Она сияла от гордости, а я все удивлялся и не выпускал ее руку.
— А где же твой отец? — спросил я.
— Не знаю… Он бегает по городу, заходит в трактиры… Э, да у нас не останется ни одной брошюры «Третье сословие». Свои-то он уже наверняка распродал.
И вдруг, вырвав свою ручку из моей руки, она сказала:
— Ступай, жители Лачуг уже входят в ратушу.
— Да ведь мне еще нет двадцати пяти лет, Маргарита: я не могу голосовать.

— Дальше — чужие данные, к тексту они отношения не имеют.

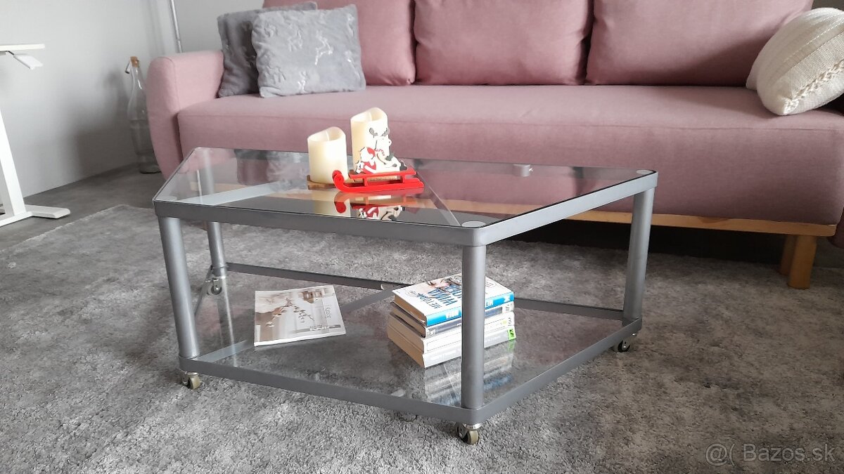 Predám zachovalý konferenčný sklenený stolík, kovová konštrukcia na 4kolieskach. Plne funkčný značky Ikea.Použivaný len príležitostne z nefajčiarskej domácnosti bez zvierat.Rozmery viď foto.

— Ну все равно — мы зря теряем время за болтовней.
И она принялась за продажу:
— Эй, господа, «Третье сословие», «Третье сословие»!
Я ушел, так и не опомнившись от изумления: я всегда видел Маргариту рядом с ее отцом, и сейчас она показалась мне совсем иною. Ее мужество меня поразило, и я думал:
«Она лучше справляется со своим делом, чем ты, Мишель».
И даже среди толпы на галерее, добравшись до Жана Леру, я все еще думал о ней.
— Ну как? — спросил крестный.
— Да так, Маргарита одна на площади. Ее отец бегает по городу с брошюрами.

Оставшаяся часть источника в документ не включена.